Emit a verbatim copy of the lines below from the line with "Compression Lug, Barrel" through the line with "25 MW-Stufen). Dann", excluding pictures and everything outside that range.
***** DATA LISTING
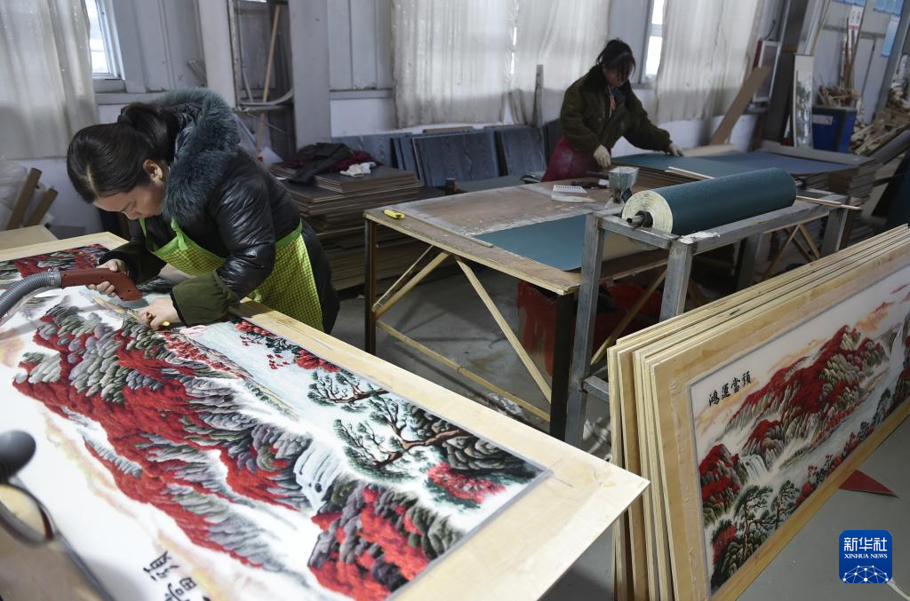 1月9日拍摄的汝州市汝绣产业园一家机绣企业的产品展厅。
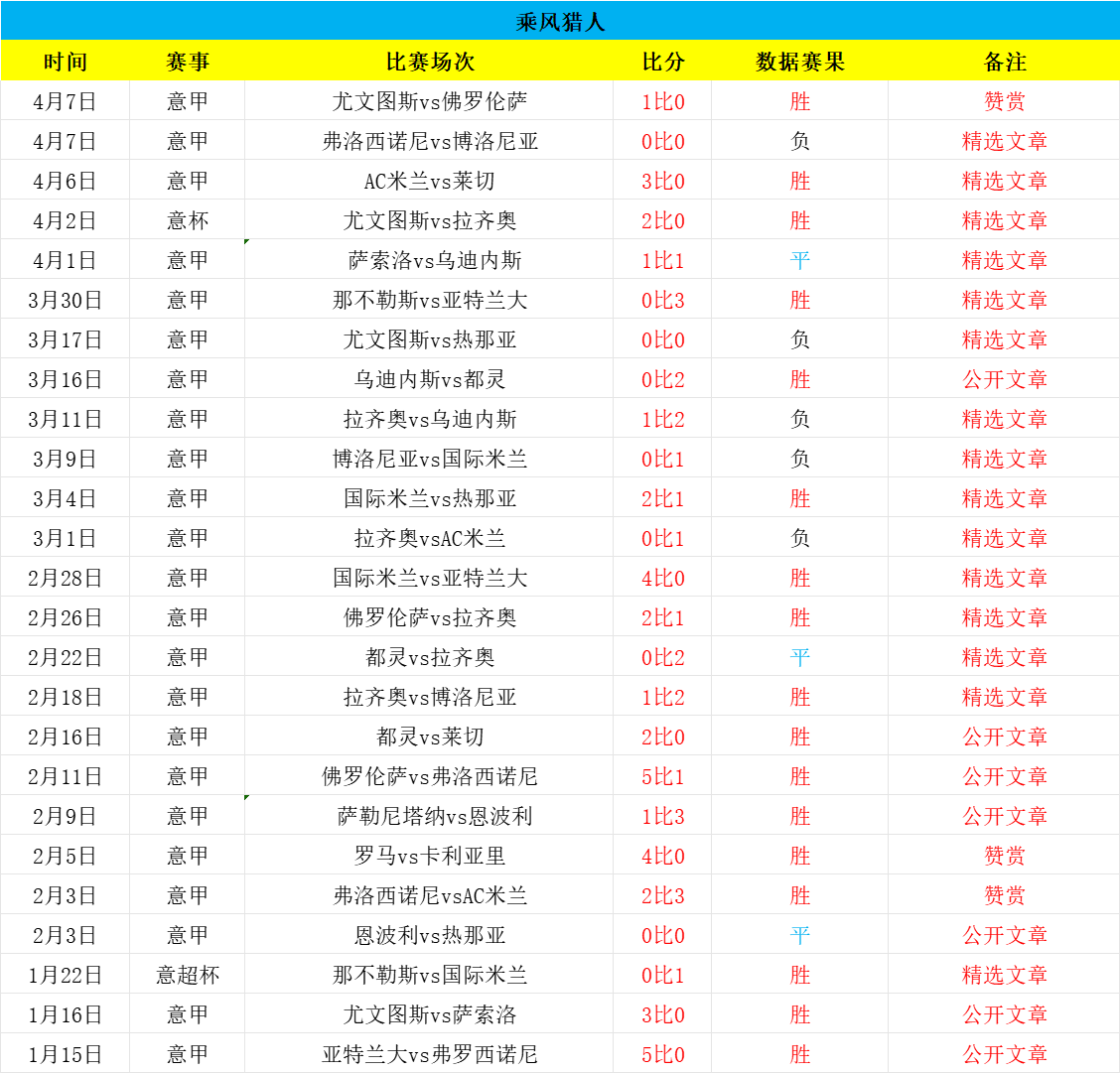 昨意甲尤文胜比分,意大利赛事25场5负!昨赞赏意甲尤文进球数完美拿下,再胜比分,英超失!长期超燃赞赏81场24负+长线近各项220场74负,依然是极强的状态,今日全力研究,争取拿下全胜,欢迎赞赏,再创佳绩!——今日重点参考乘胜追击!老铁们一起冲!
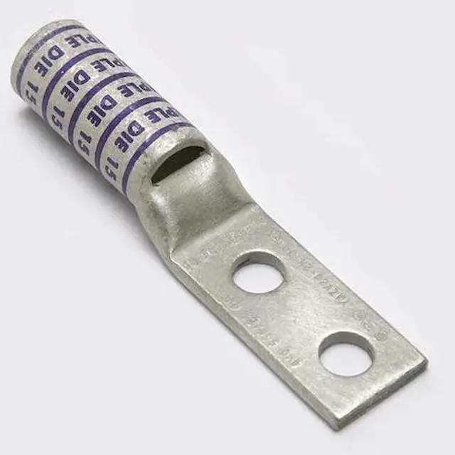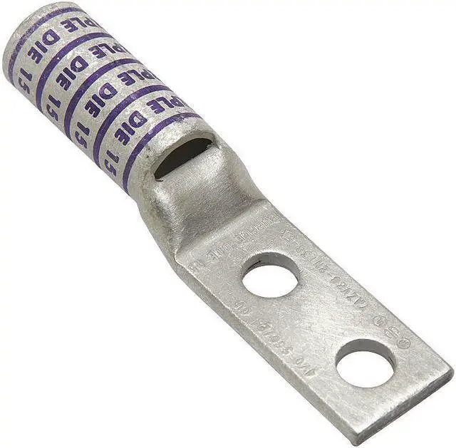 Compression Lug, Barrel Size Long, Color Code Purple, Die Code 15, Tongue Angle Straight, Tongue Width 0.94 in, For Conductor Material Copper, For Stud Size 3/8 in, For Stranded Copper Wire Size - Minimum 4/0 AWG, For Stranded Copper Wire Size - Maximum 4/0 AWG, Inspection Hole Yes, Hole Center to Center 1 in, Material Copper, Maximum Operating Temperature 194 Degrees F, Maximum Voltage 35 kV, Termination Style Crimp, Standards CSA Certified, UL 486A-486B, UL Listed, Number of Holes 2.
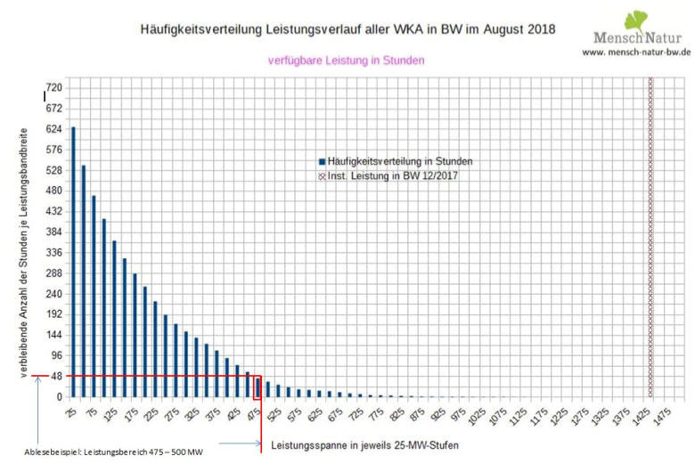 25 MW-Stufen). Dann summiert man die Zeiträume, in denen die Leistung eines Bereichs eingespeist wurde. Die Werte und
**********
***** DATA LISTING
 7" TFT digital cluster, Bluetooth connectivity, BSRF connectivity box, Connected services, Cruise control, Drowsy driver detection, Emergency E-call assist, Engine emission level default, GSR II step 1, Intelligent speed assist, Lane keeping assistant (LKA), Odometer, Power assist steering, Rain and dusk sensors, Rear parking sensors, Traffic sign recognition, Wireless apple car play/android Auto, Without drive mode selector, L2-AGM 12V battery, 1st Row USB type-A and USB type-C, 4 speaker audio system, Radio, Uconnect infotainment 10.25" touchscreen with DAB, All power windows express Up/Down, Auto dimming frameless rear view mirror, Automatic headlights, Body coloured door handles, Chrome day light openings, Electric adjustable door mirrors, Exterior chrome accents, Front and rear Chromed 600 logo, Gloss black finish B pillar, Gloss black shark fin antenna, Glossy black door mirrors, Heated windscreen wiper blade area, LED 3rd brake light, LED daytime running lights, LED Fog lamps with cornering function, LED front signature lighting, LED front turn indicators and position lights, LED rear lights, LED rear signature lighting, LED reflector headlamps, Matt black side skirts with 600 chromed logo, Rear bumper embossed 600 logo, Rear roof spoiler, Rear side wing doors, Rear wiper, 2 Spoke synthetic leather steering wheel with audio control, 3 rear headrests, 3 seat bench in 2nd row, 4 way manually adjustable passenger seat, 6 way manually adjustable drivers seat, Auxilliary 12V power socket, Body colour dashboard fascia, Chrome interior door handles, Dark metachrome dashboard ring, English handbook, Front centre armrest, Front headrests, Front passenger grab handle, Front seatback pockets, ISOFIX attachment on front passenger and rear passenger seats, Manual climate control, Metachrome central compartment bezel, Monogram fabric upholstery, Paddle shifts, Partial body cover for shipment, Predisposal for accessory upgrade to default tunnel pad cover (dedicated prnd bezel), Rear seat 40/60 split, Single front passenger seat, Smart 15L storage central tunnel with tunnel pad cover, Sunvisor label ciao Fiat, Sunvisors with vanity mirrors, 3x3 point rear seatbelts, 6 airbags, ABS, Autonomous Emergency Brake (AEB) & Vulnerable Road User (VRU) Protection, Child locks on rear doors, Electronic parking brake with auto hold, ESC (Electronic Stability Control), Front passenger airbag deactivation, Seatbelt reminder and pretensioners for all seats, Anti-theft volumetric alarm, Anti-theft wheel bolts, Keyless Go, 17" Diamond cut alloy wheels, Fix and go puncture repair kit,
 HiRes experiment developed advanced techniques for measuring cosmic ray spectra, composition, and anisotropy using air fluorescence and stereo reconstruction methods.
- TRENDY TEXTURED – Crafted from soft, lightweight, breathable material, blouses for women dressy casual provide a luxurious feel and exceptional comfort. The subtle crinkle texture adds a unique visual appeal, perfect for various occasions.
**********
* RESPONSE *
 Compression Lug, Barrel Size Long, Color Code Purple, Die Code 15, Tongue Angle Straight, Tongue Width 0.94 in, For Conductor Material Copper, For Stud Size 3/8 in, For Stranded Copper Wire Size - Minimum 4/0 AWG, For Stranded Copper Wire Size - Maximum 4/0 AWG, Inspection Hole Yes, Hole Center to Center 1 in, Material Copper, Maximum Operating Temperature 194 Degrees F, Maximum Voltage 35 kV, Termination Style Crimp, Standards CSA Certified, UL 486A-486B, UL Listed, Number of Holes 2.
 25 MW-Stufen). Dann summiert man die Zeiträume, in denen die Leistung eines Bereichs eingespeist wurde. Die Werte und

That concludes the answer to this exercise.